The three days of the workshop will be structured as follows. Each day will consist of a two-hour presentation and two hours of hands-on exercises. Day 1 will be dedicated to a basic corpus-linguistic tool: concordancing software. We will examine what kinds of question can be answered through the simple retrieval of key words in context. You will also get to know a few tricks for effective search, including so-called regular expressions.

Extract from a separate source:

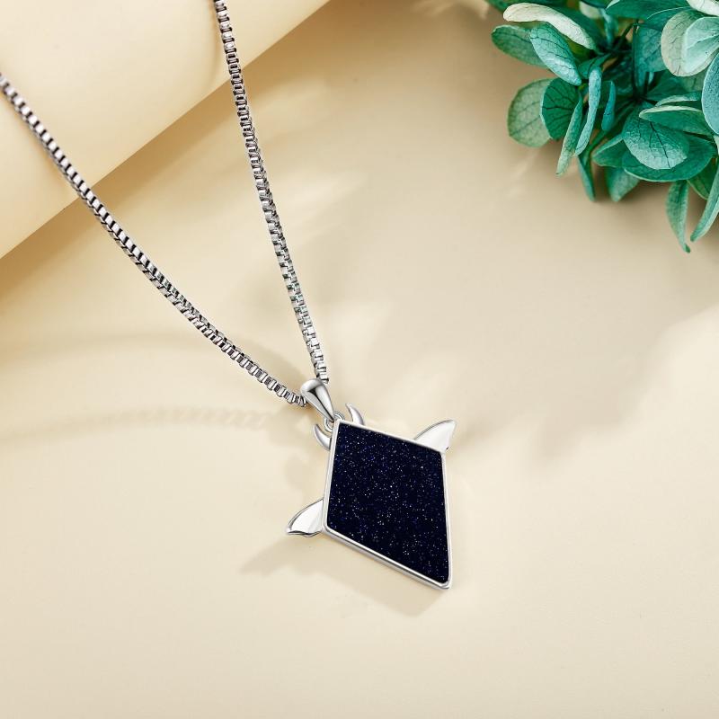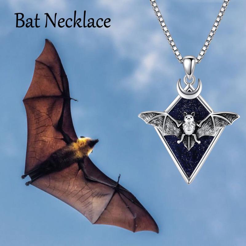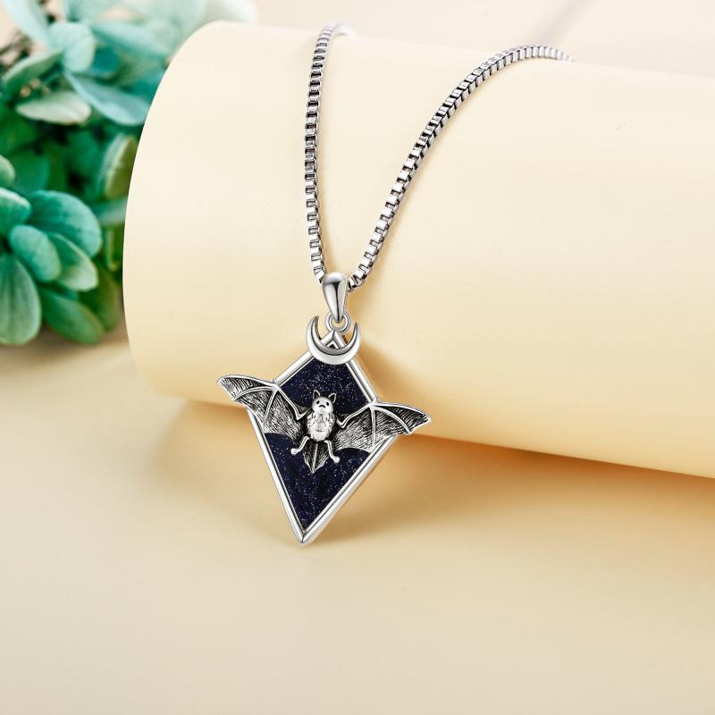 Bat Necklace Sterling Silver Synthetic Sandstone Bat Pendant Halloween Jewellery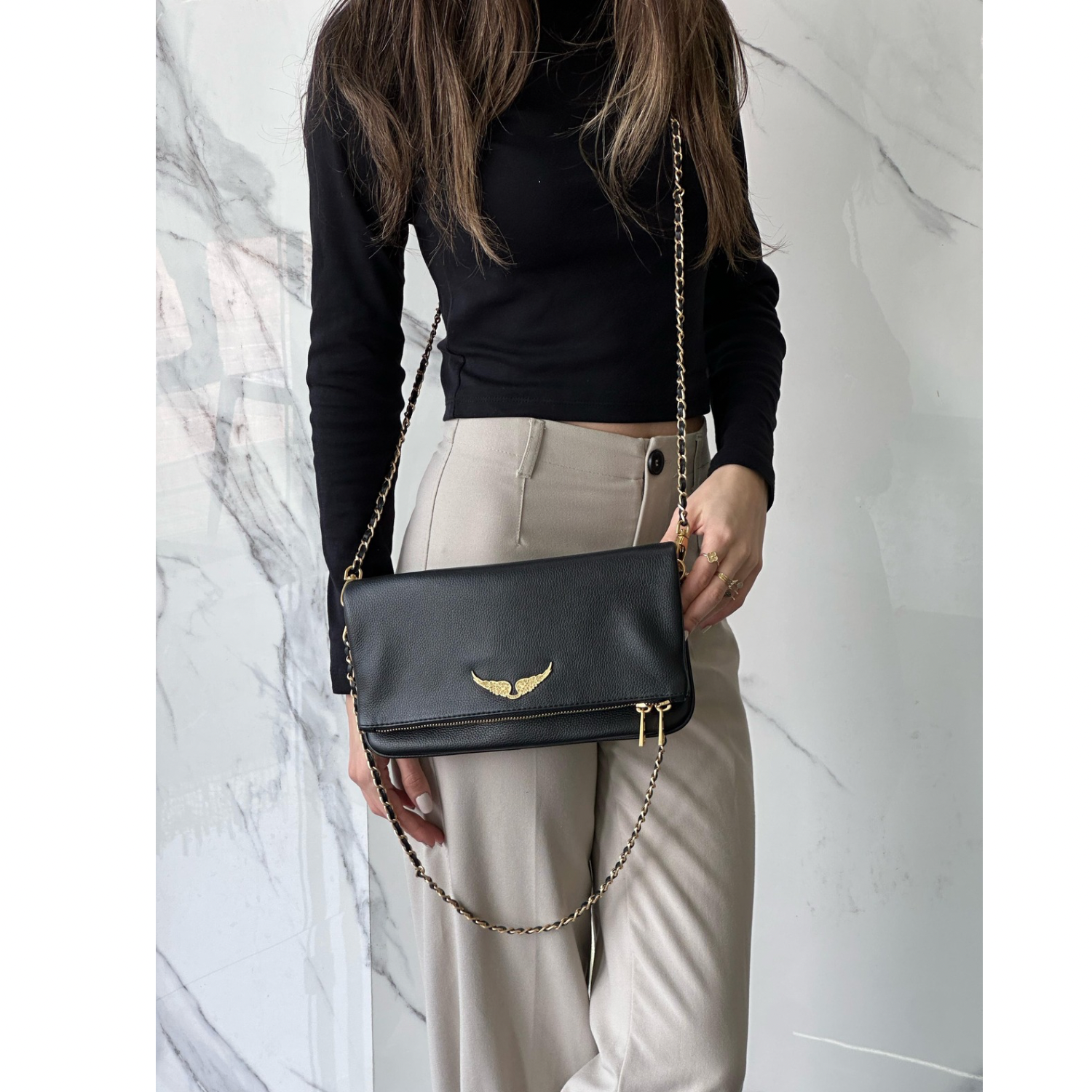 ZADIG & VOLTAIRE ROCK NOIR GOLD BAG

Days 2 and 3 will examine 'what concordance programs can't do'. For a considerable period of time, concordance programs have defined the scope of corpus-linguistic work. Whatever the software could do, researchers could do, whatever it couldn't, researchers couldn't. Recent years have seen a very liberating development: Instead of using ready-made programs, more and more corpus linguists turn to tools that they can flexibly adapt. One such tool that I will present is R, which is a software that not only allows you to perform corpus-linguistic tasks, but which you can also use for visualization and for the statistical analysis of linguistic data. On days 2 and day 3, we will use R to answer a few basic linguistic questions that would be quite hard to investigate with a regular concordance program.

Participants should bring their own laptop computers. There is no need to pre-install software. We will do that directly in the workshop.


Experimental approaches to the study of language (Sible Andringa)

This workshop is a hands-on introduction into designing powerful linguistic experiments. The goal of this workshop is to help you set up and conduct your own empirical research and to learn to read and critically evaluate scientific research. In the morning sessions, all aspects of scientific research will be covered: how may your research design help or hinder you in providing adequate answers to your research questions, how do you choose a method of observation/measurement (such as eye-tracking, lexical decision, etc.) and what exactly such methods measure, how can you exercise control over possibly intervening variables, and how do you report results. The afternoon sessions will allow you to practice designing experiments hands on, either through focused assignments or by developing your own research ideas into full blown experiments (or both). If you are planning an experimental study, then this workshop is for you. Participants should bring their own laptop computers.


Acoustic and statistical analysis of speech with Praat (Paul Boersma)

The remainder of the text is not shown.